Mrs. Backfield lay listening to it. She felt very ill, but everyone was too busy to come to her—Reuben was out in the yard feeding his monster, while the boys gathered up and sacked what it vomited out; Caro and Tilly were washing blankets. Harry had gone off on some trackless errand of his own.
The afternoon was very still and soft. It was full of the smell of apples—of apples warm and sunny on the trees, of apples fallen and rotting in the grass, of apples dry and stored in the loft. There were little apples on the walls of the house, and their skins were warm and bursting in the heat.
The thresher purred and panted under the window—"Urrr-um—Urrr-um." Now and then Reuben would call out sharply, "Now then! mind them genuines—they're mixing wud the seconds!" or "Kip them sacks closed, Beatup." But for most of the afternoon the stillness was broken only by the hum of the machine which sometimes almost seemed a part of it.

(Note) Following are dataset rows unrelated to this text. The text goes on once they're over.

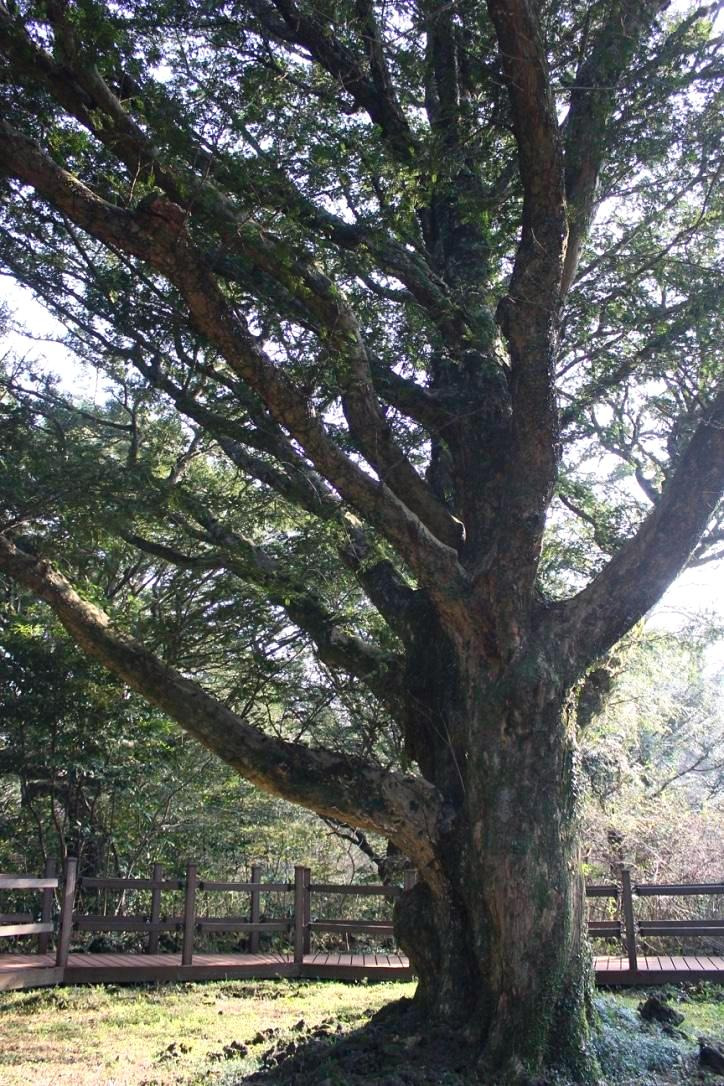 저녁때가 다 되어 이만 나가야 할 것 같았다. 때마침 갈림길이다. 나가는 곳과 천년 비자나무를 볼 수 있는 곳.
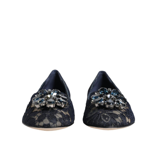 Dolce & Gabbana Blue Taormina Lace Crystals Flats Shoes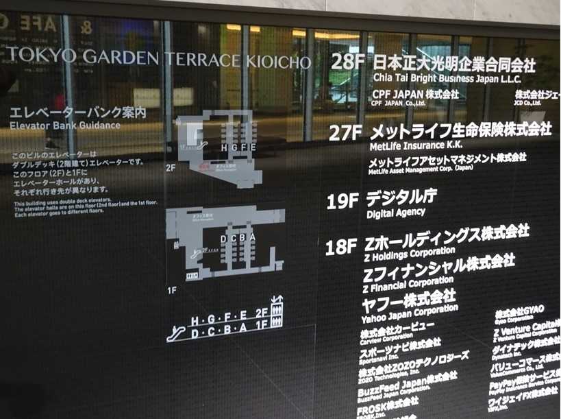 <デジタル庁はオフィス棟の19階と20階ですが、表示は19階のみ>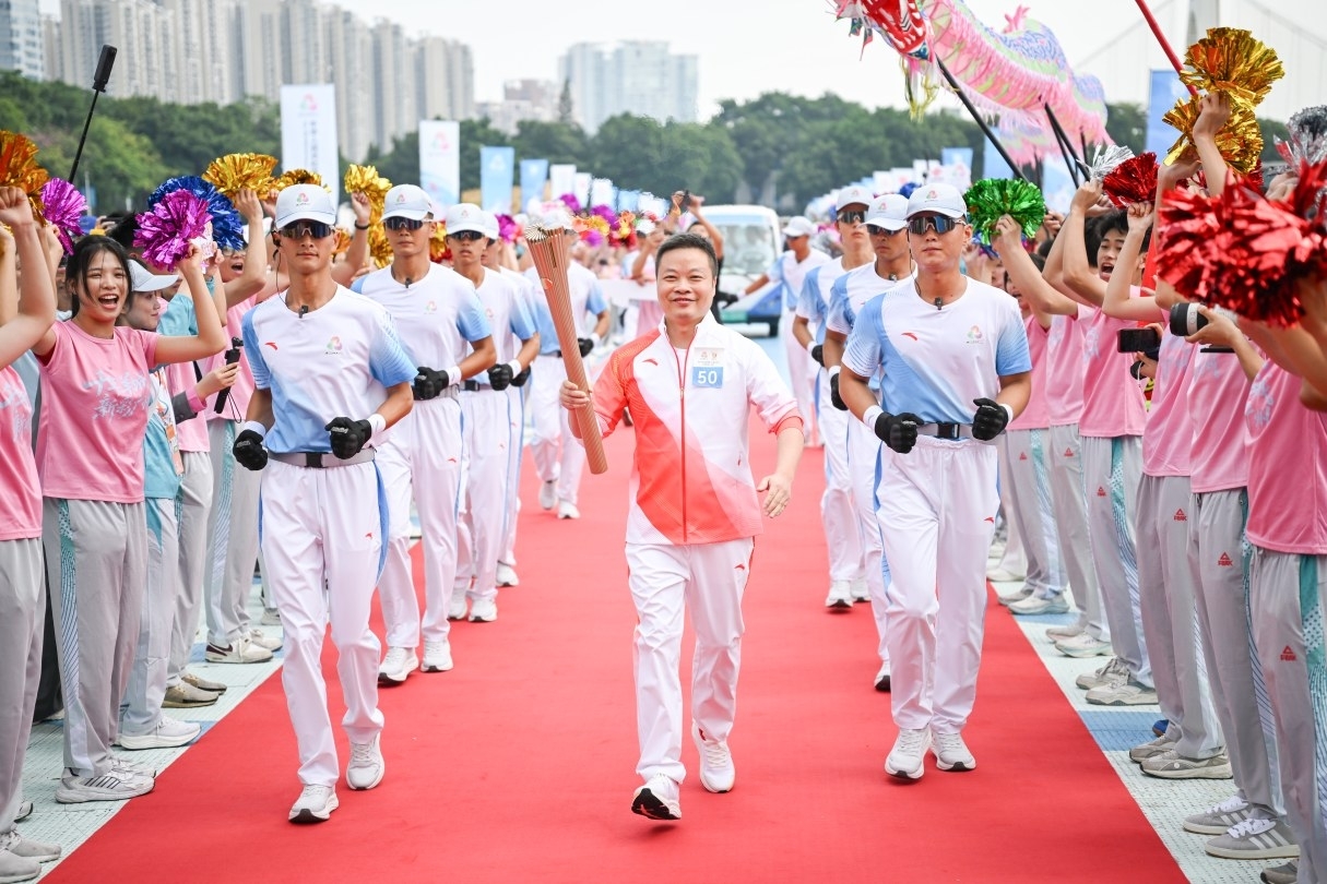 新华社深圳11月2日电 (记者 王浩明 孙飞)第十五届全国运动会火炬传递2日在香港、澳门、广州、深圳四个城市同步举行,这是全运会历史上首次跨境火炬传递,也是全运会火炬首次在香港和澳门传递。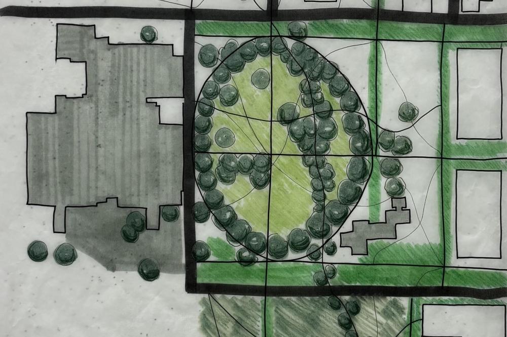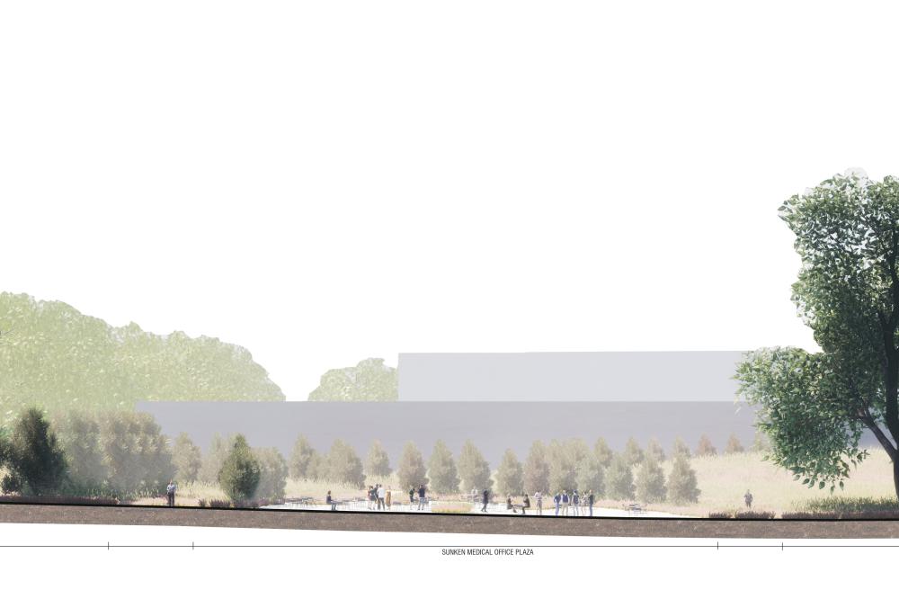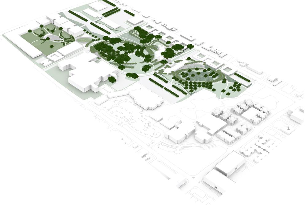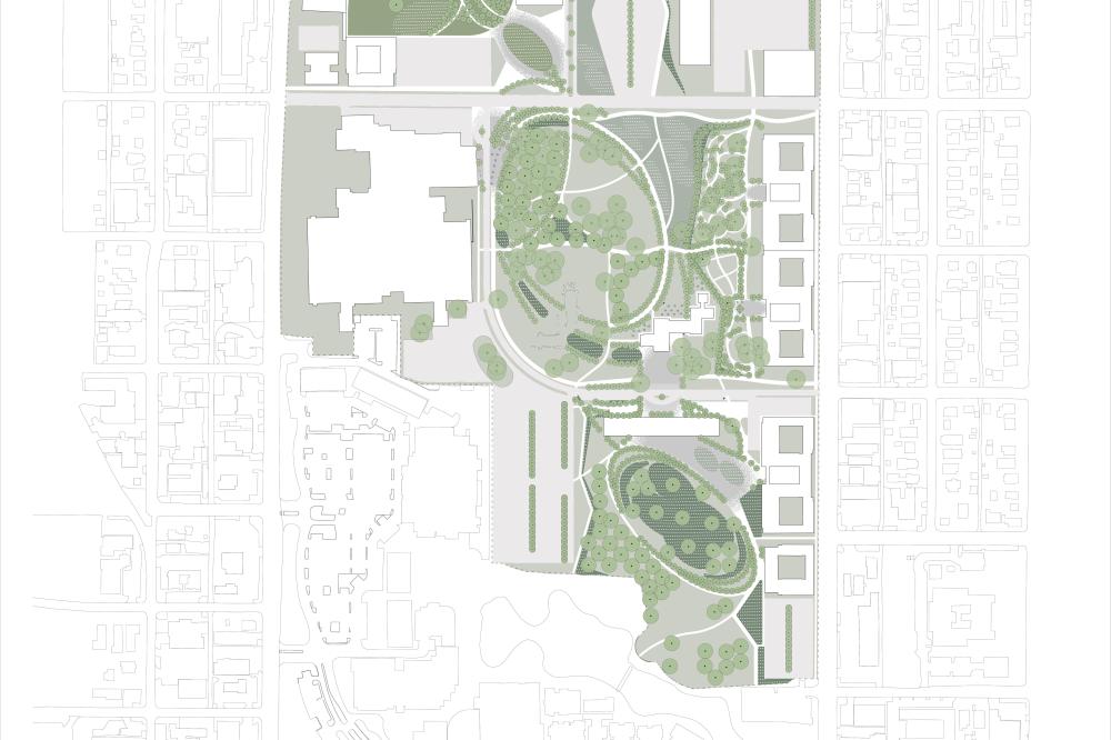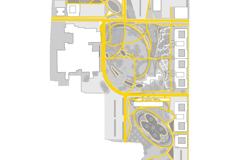 Fragments reflect historic land uses of the site. Utilizing an early aerial of the site, fragments were identified as farmland, urban core, and a picturesque grove. While there were many troubling thoughts on the treatment of mental illness at this time, the hospital did have a focus of creating working gardens and strolling parkland for patients to better connect with nature. This was an idea that Healing Fragments sought to restore. Gold, or the healing glue, shows the proposed intervention and how the cracks and fragments are glued together using circulation and vegetation.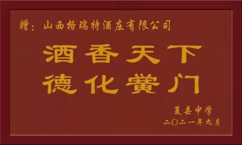 最后,山西格瑞特酒莊全體人員衷心的感謝夏縣中學為企業贈送的“酒香天下,德化黌門”牌匾。祝愿夏中越辦越好,今后能為地方乃至全國培養出更多德才兼備的人才。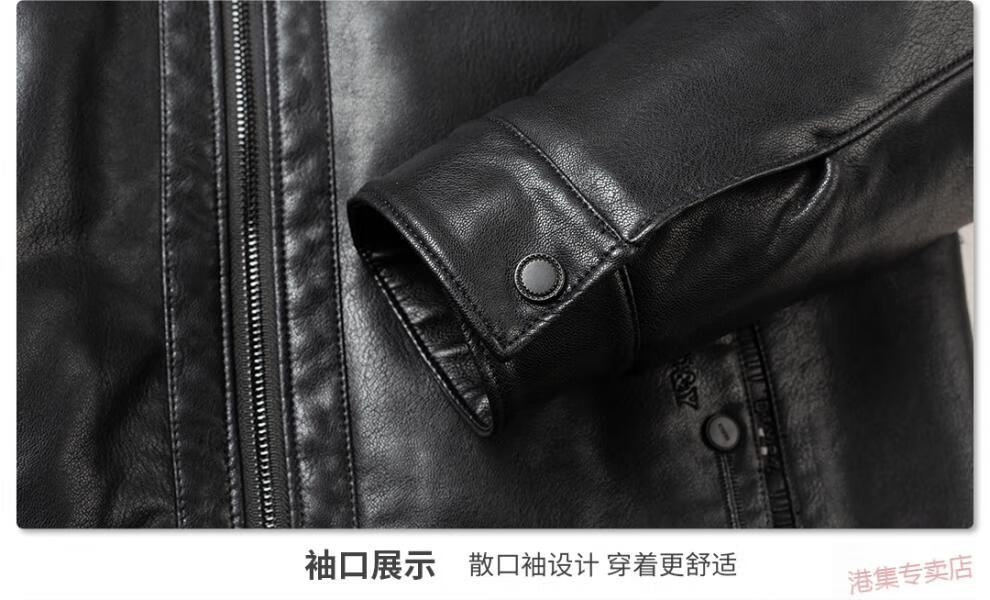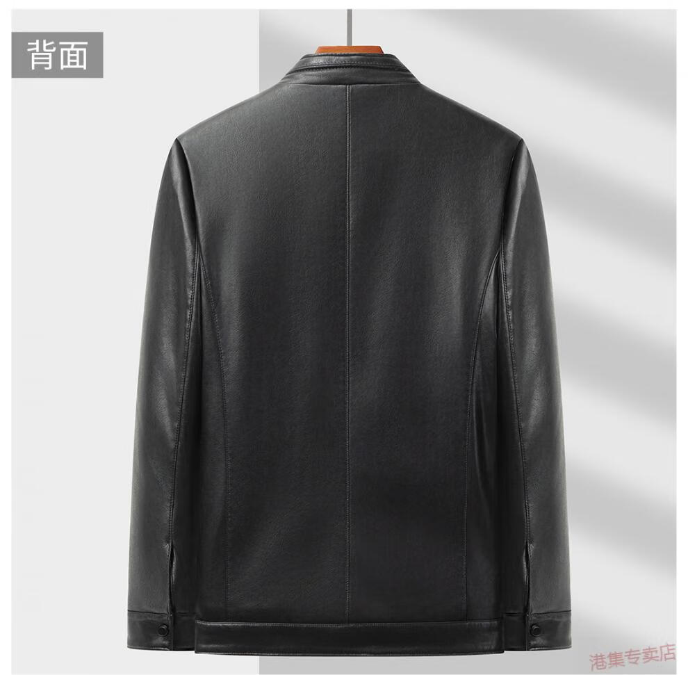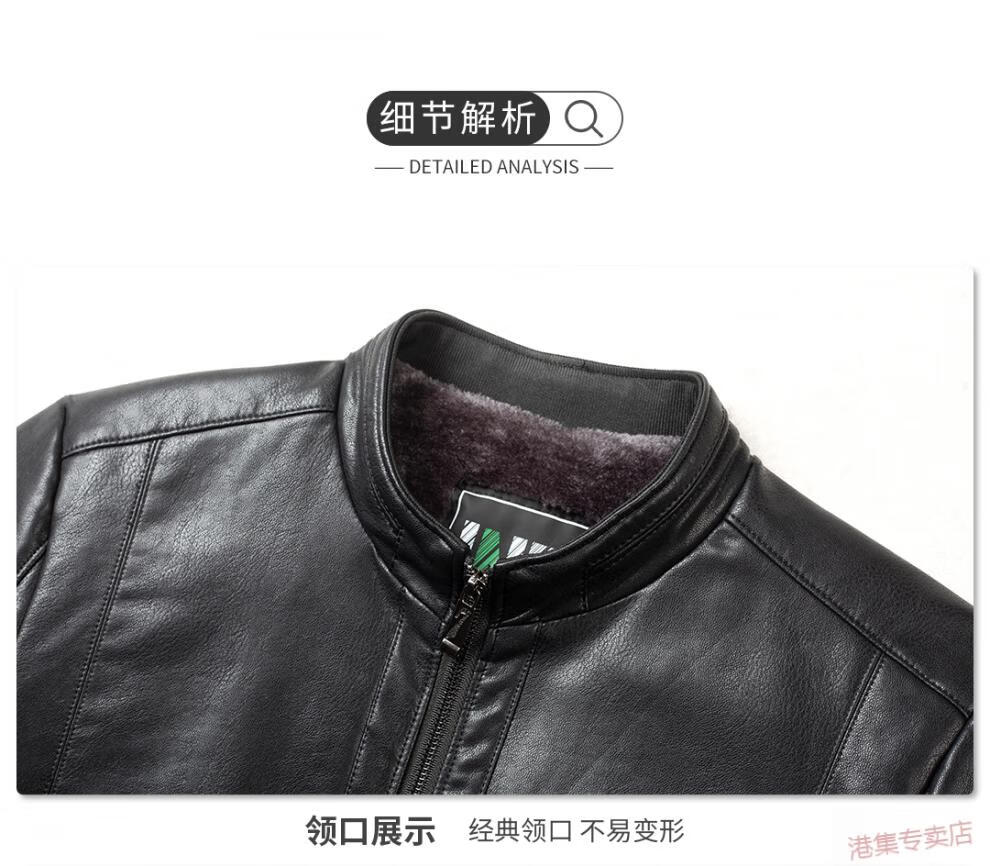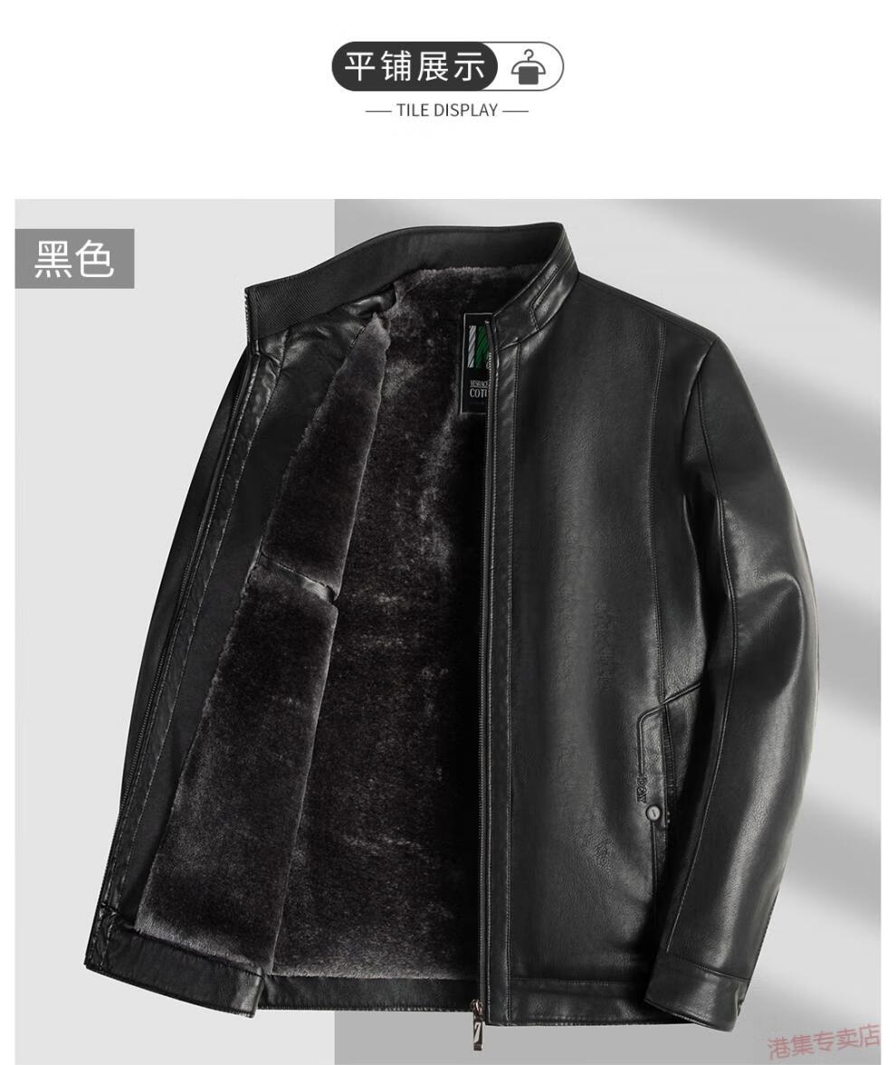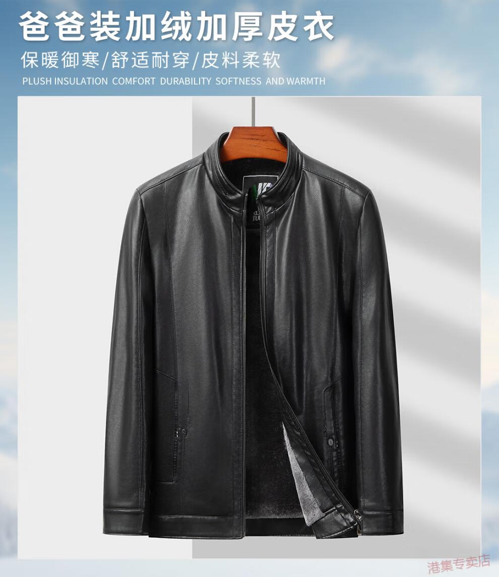 JEEP SPIRIT spring, autumn and winter middle-aged men's stand-up collar leather jacket, middle-aged and elderly dad's jacket, velvet and thickened grandpa leather jacket, black, velvet, thickened L 175 120Jin Jin is equal to 0.5 kg within
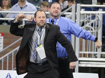 PHOTOS: (Top) Croswell-Lexington’s Chris Lilly has his hand raised in victory during last season’s MHSAA Division 2 Individual Finals at Ford Field. (Middle) Lilly’s father and coach, Joe (front), celebrates his son’s win. (Click for more from HighSchoolSportsScene.com.)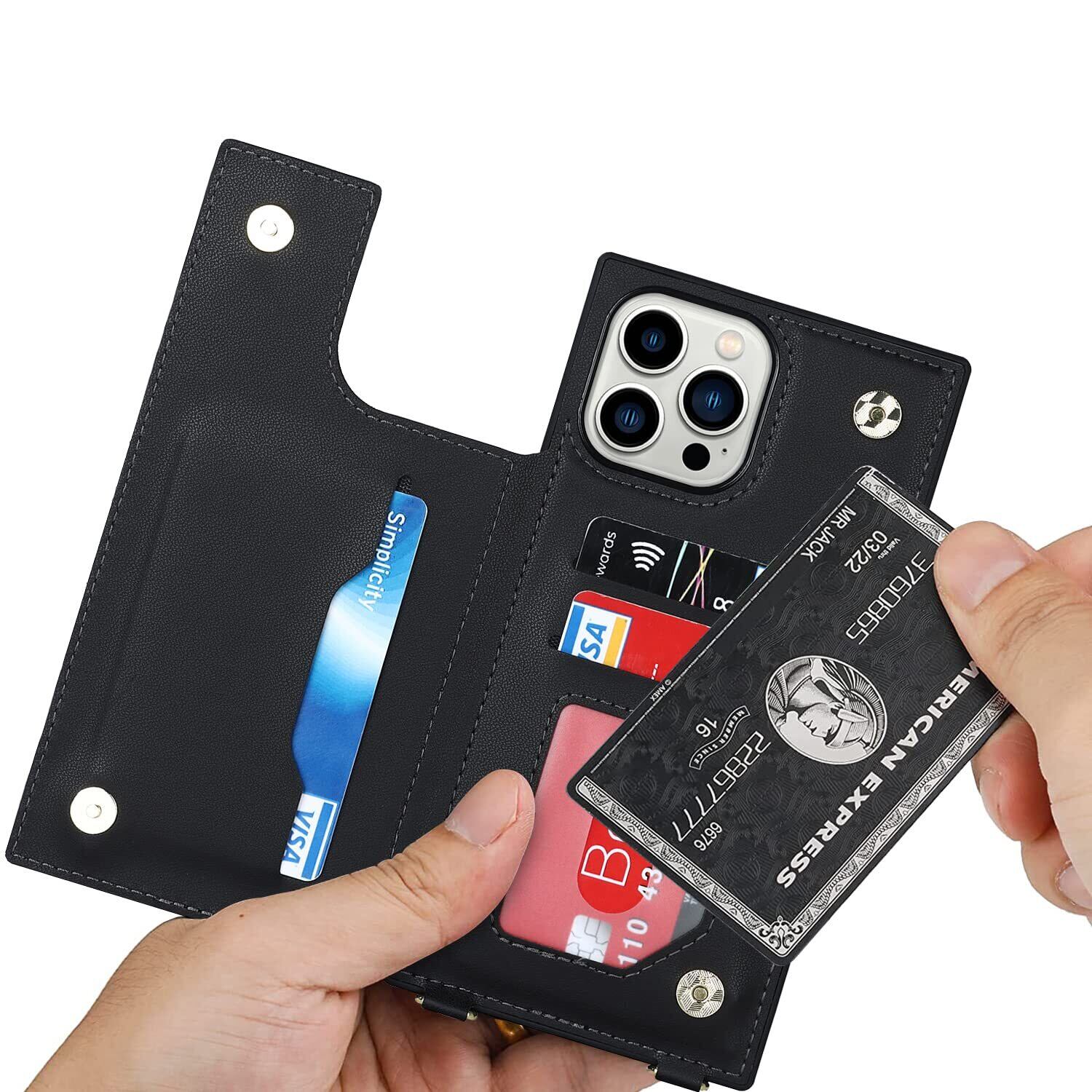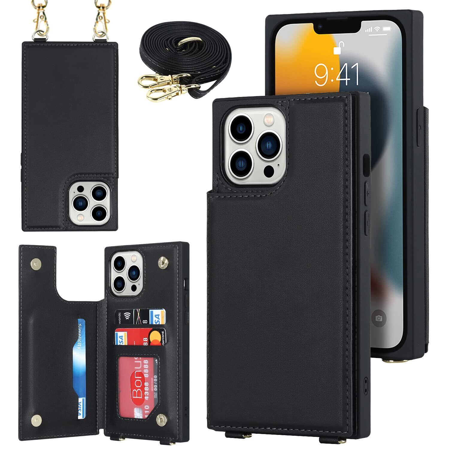 Pelanty 携帯カバー For iPhone 13 Pro ケース手帳型 iPhone13 pro 背面ケース アイフォン13pro ケース縄掛け 肩掛け斜めがけショルダー ストラップ付き PUレザー+TPU 財布型IC カード収納 薄型軽量 スタンド機能 ボタン磁気 多機能 耐衝撃 ブラック

Mrs. Backfield according to her custom watched the sun. It bathed the floor at first, but gradually she saw the square of the window paint itself on the wall, and then slide slowly up towards the ceiling. Her eyes mechanically followed it; then suddenly it blazed, filmed, flowed out into a wide spread of light, in the midst of which she saw the kitchen at Odiam as it used[Pg 202] to be, with painted fans on the chimney-piece and pots of flowers on the window-sill. Her husband sat by the fire, smoking his pipe, while Harry was helping her tidy her workbasket.
"There now!" she said to him, "I knew as it really wur a dream."
"Wot?" he asked her, and she, in her dream, felt a spasm of delight, for it was all happening so naturally—it must be true.
"About f?ather being dead, and you being blind, and Ben having the farm."
"Of course it's a dream—f?ather ?un't dead, and I ?un't blind, and Ben's picking nuts over at Puddingcake."
"You couldn't spik to me lik this if it wur a dream, Harry—could you, dear?"
He didn't answer—and then suddenly he turned on her and shouted:
"Sack your chaff, now—can't you sack your chaff?"
"Harry! Harry!" she cried, and came to herself in the little sun-smouldering room, while outside Reuben stormed at his boys to "sack their chaff," and the machine purred and sang—"Urrr-um—Urrr-um."
A sudden terrible lucidity came to Mrs. Backfield.
"It's machines as he wants," she said to herself, "it's machines as he wants...."
Then a gentle darkness stole upon her eyes, as her overworked machine of flesh and blood ran down and throbbed slowly into stillness and peace.
Outside the great fatigueless machine of steel and iron sang on—"Urrr-um—Urrr-um—Urrr-um."